The multi-vibrator circuit having no stable state is called astable multi-vibrator. The circuit oscillates between two quasi-stable states. Hence it is also called as free-running multi vibrator. The astable circuits can be used in square wave, rectangular wave and ramp generator applications. The power supply voltage Vcc is connected across pins 8 and 1. Pin 2 and 6 are connected to the capacitor C1. Pin 7 is connected with resistor 4.7k in series with 5.6K to the pin of 6. The output taken from pin 3. Pin 4 is connected to Vcc to ensure the Q2 remains at all times. Pin 5 is connected to ground through a 0.01 microF capacitor. Pin 7 is connected to junction of two resistors R1,R2. The capacitor C1 charges from Vcc through these resistors. Measure the output waveforms with Digital DSO or Analog CRO. The resistor R1, R2 values are (R1=3.3K, R2=5.6K) indicated with their resistor colour code.

OPERATION:
Step-1 Capacitor C1 Voltage below 1/3 Vcc.

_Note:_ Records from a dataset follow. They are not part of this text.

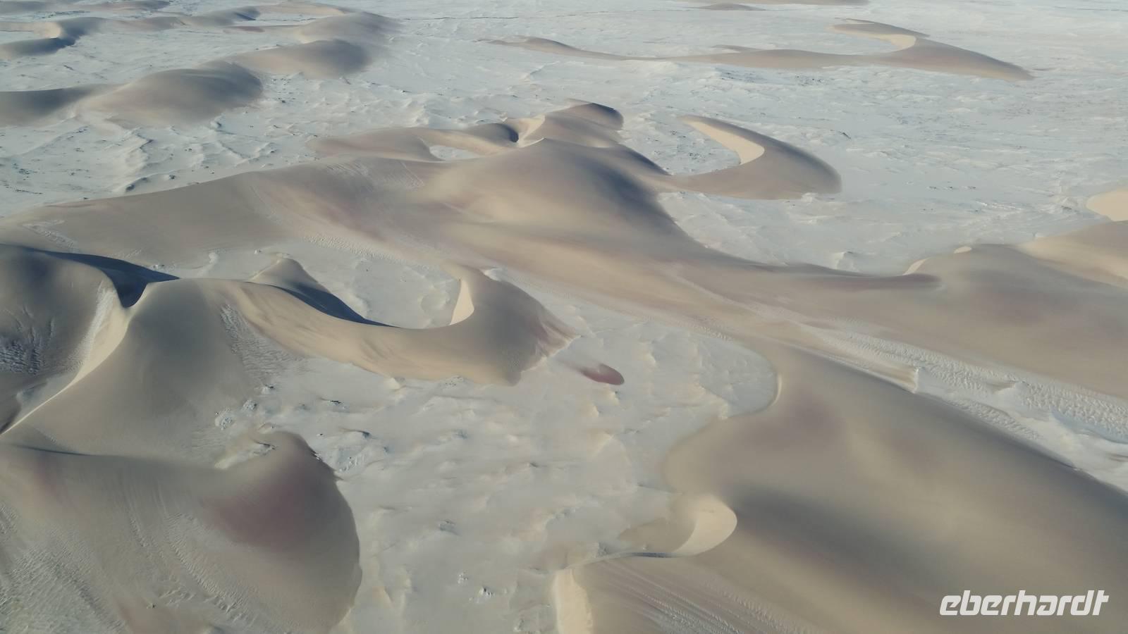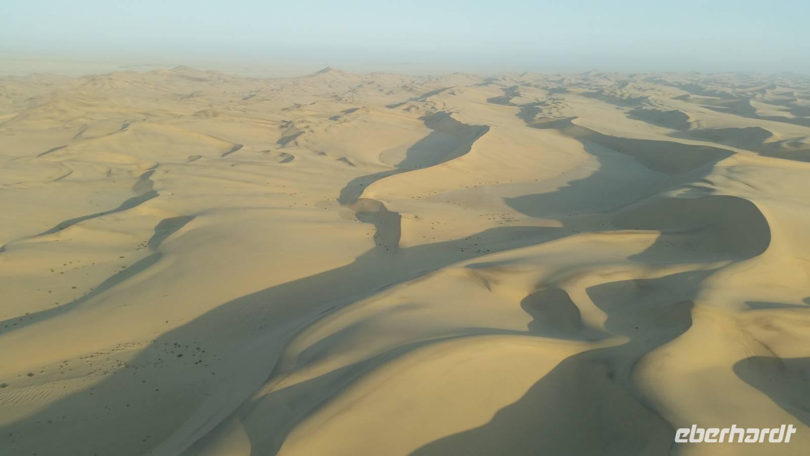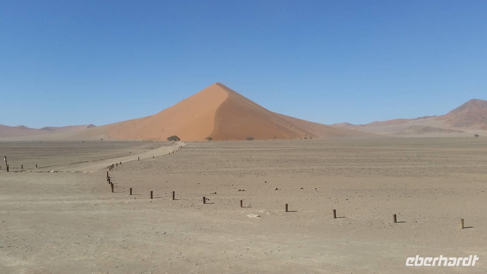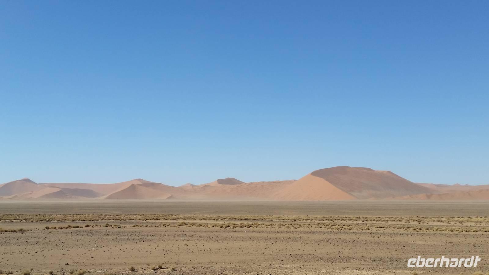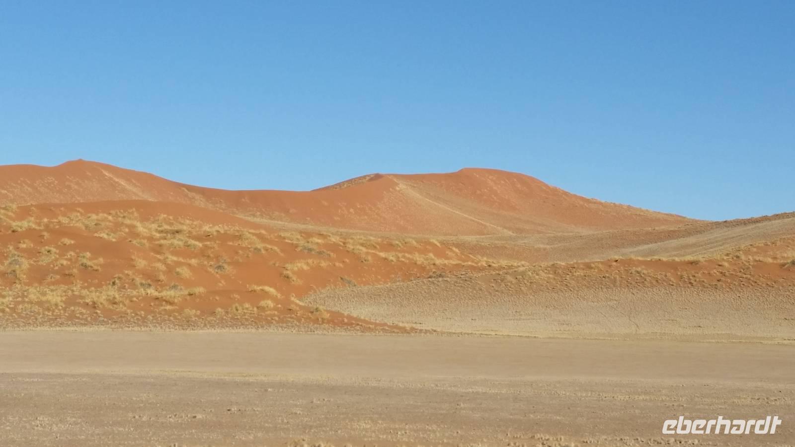 Heute erwartete uns ein im wahrsten Sinne des Wortes sandiger Tag. Unser Plan war die mächtigen Dünenlandschaften der Wüste Namib zu entdecken und vielleicht sogar zu Fuß zu erklimmen. Leider war das Wetter dafür heute nicht ganz optimal, denn über Nacht hatte plötzlich starker Wind eingesetzt. Dies sollte der Beginn einer stürmischen Begegnung mit der Düne 45 sein: schon von weitem erkannten wir, dass es in der Ferne einen mächtigen Sandsturm gab, aber dies hielt uns natürlich nicht ab, etwas näher heranzufahren. Nach einem kurzen Fotostopp in noch sicherer Entfernung fuhren wir schließlich zur bekannten Düne 45. Was für ein Sturm! Basecap drauf, Fotoapparate in der Jackentasche versteckt und los ging´s. Wir stiefelten mit heftigem Seitenwind Meter für Meter nach oben. Zwischendurch sollte natürlich auch ein Foto gemacht werden, aber auch der Wind war nicht zu unterschätzen. Und so kam es wie es kommen sollte: eine Böe von links und huuuiiiiiii war die Kamera wie eine Frisbee-Scheibe davon geflogen...auf der „Jagd" nach dieser flog dann auch...huuuiiiii noch das Basecap davon. Übereifrig wie ich war, stürzte ich mich „todesmutig" in die „Sandfluten" um beides wieder zu fangen. Glücklicherweise gelang dies auch ? - nur war ich hinterher rund 10kg schwerer, weil der Sand überall von Kopf bis Fuß an mir klebte. Doch die beste Position hatten meine Reisegäste, die das „Drama" live miterleben durften.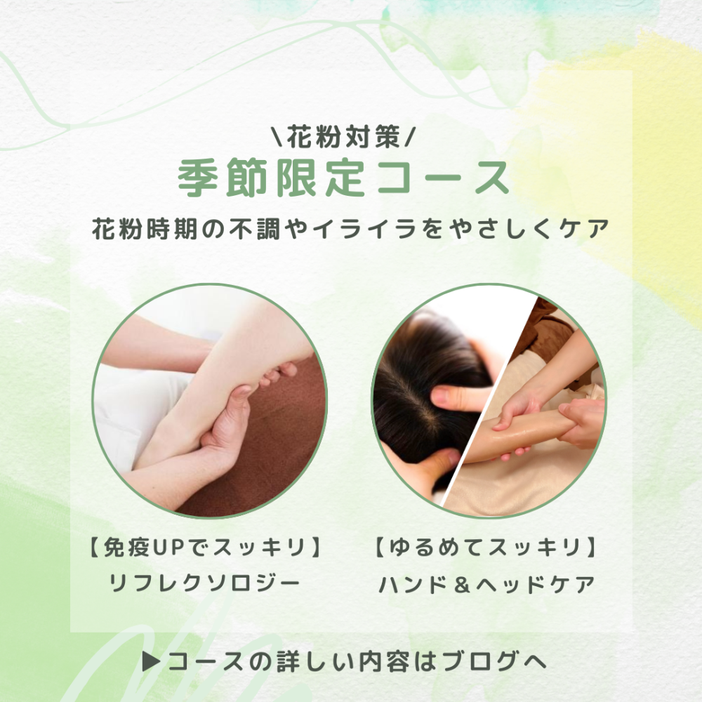 2月は冷えや忙しさで疲れが溜まりやすく、花粉の影響も出始める時期。足裏や耳、頭をやさしくほぐして自律神経を整え、重だるさをスッキリ軽やかに♪その他豊富なメニューで疲れを解消☆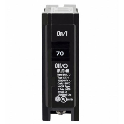 Eaton BR170 - BR thermal magnetic circuit breaker,Type BR 1-Inch plug-on circuit breaker,70 A,10 kAIC,Single-pole,120/240V,BR,#4-1/0 AWG Cu/Al,BR,Type BR Loadcenters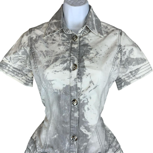90S Y2K 'DOLCE & GABANNA' CARGO GREY WHITE TIE-DYE GRUNGE MINI DENIM DRESS S 10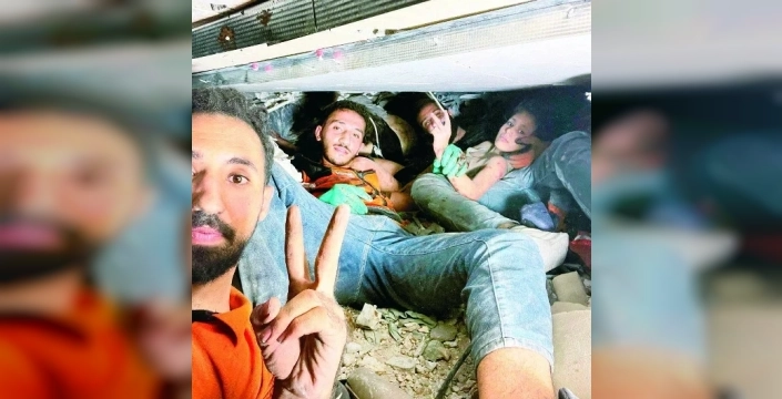 İsrail ordusunun El-Derec Mahallesi'ndeki bir binayı hedef alması sonucu yıkılan binanın altında kalan Marah ve ailesi, uzun saatler sonra enkazdan kurtarıldı.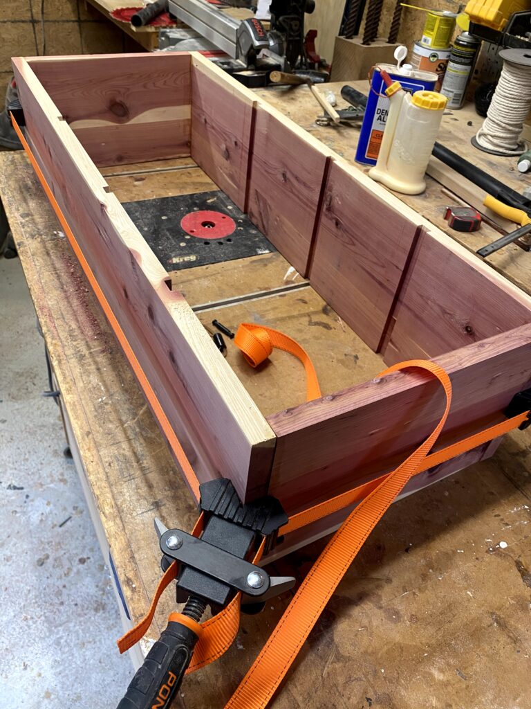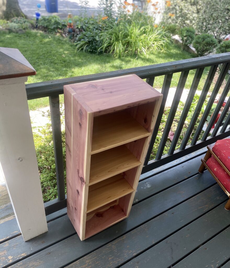 I considered the space and the activities of the family (they hike, cycle and spend quality time outdoors) So I picked up some nice eastern cedar. I love cedar and it was perfect for this project. I cut dado’s for the shelves and did a simple glue up, no finish just a nice sanding and simple 1/8 round over. A simple design but very unique.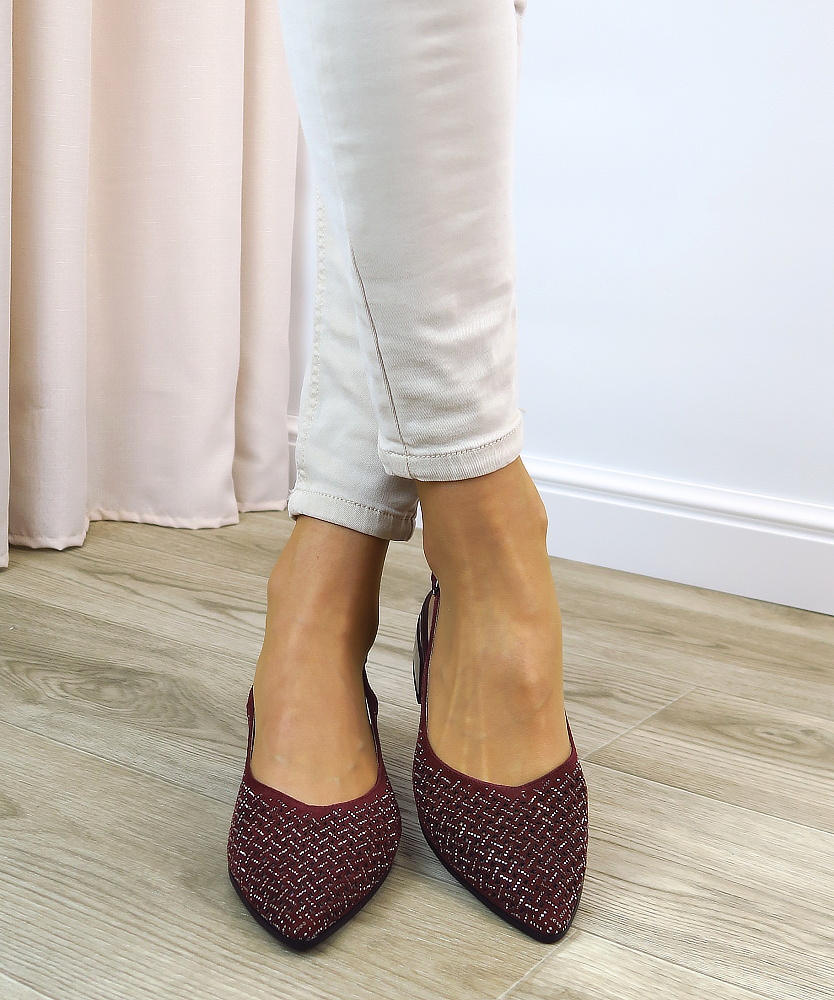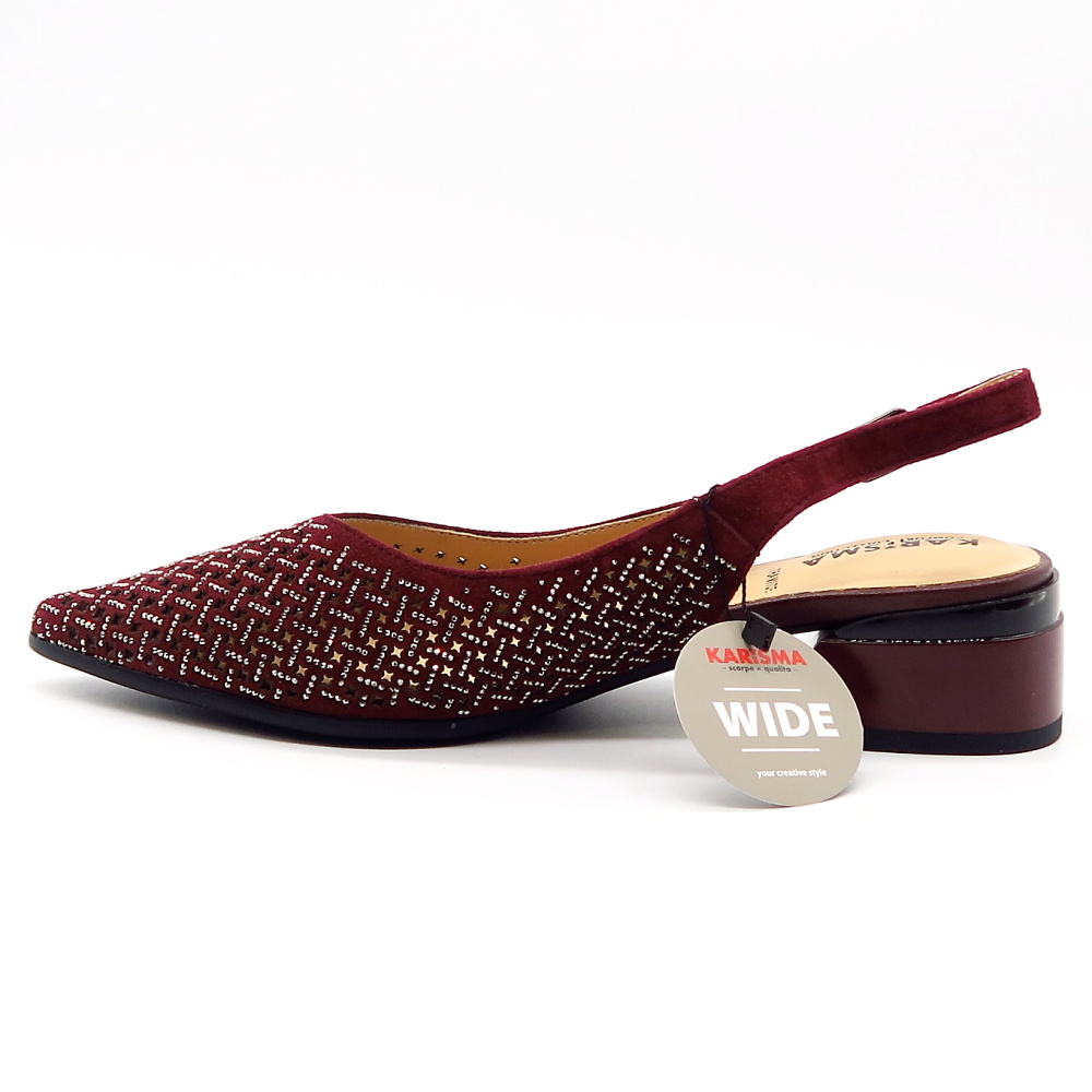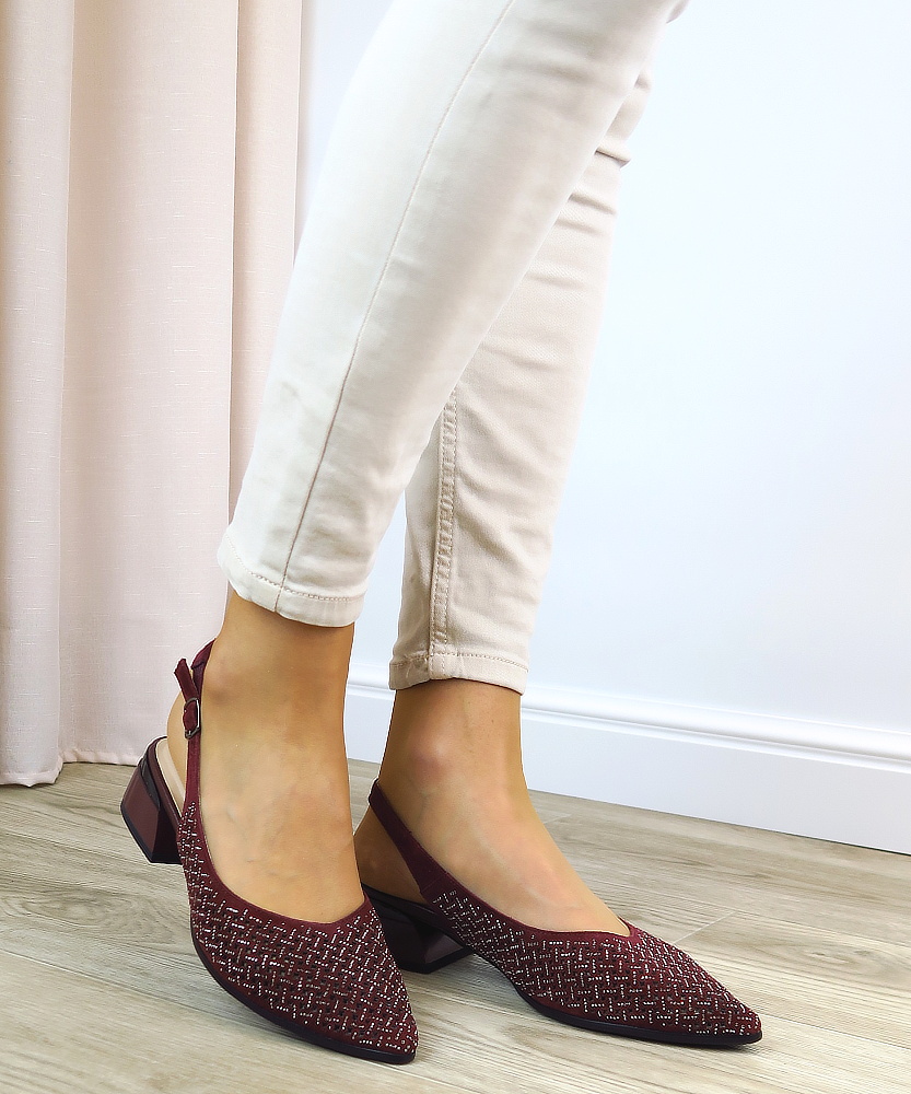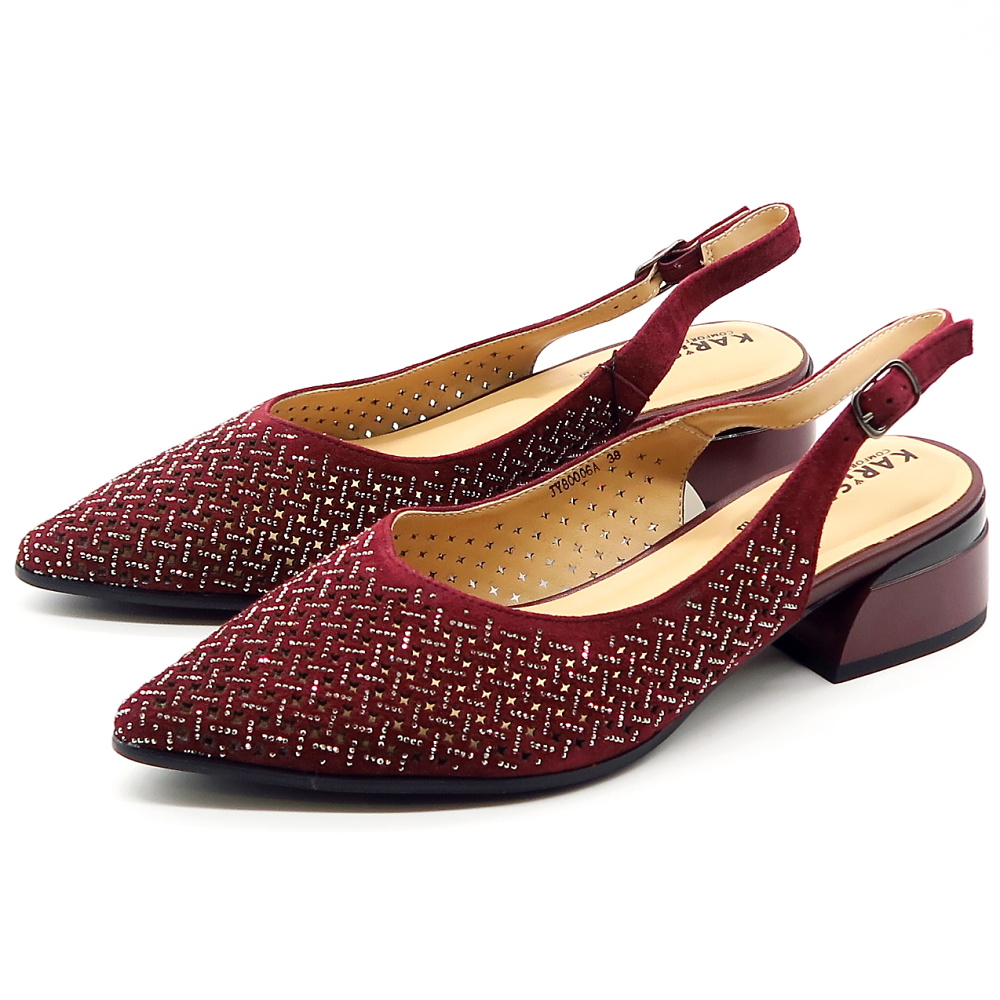 Elegantné dámske sandále značky KARISMA. Model v krásnej bordovej farbe s jemnými trblietavými kamienkami. Zvršok vyrobený z prírodnej kože. Sandále na pohodlnom nízkom podpätku s nastaviteľným ramienkom okolo päty pre lepšie prispôsobenie a stabilitu pri chôdzi. Jemný perforovaný zvršok zabezpečuje priedušnosť a komfort počas celého dňa. Mäkká vnútorná stielka poskytuje príjemný pocit pri nosení.

The inverting input of comparator 2 is below V R3 (=1/3Vcc).
Hence comparator 2 output goes high, driving the flip-flop into its set condition.
Flip-flop output Q2 becomes low. Making Q1 to be switched OFF.
With Q1 off, capacitor C1 commences to charge exponentially through resistors R1 and R2.
Now the output voltage at pin 3 is High.
Step-2 Capacitor C1 voltage reaches 2/3 Vcc. When the charging capacitor voltage becomes equal to V(R2+R3) = 2/3 Vcc the comparator 1 output switches to high.
The flip-flop is driven into its reset condition.
Flip-flop output Q2 becomes high, Q1 to be switch on.
Capacitor C1 is rapidly discharged by Q1.
The output voltage at pin 3 switches to low level.
Discharge of capacitor C1 continues until its voltage falls below 1/3 Vcc.
At this point the output of comparator 2 goes high, Triggering the flip-flop to its low output state and switching Q1 OFF once again. The cycle has now recommenced, and it continues repetitively. Hence without giving and external trigger signal, the astable circuit oscillates between LOW and HIGH level output.
The time duration of these oscillations can be designed as follows.
The capacitor charging time, tc=0.693(R1+R2)C1.
The capacitor discharging time, td=0.693 R2 C1.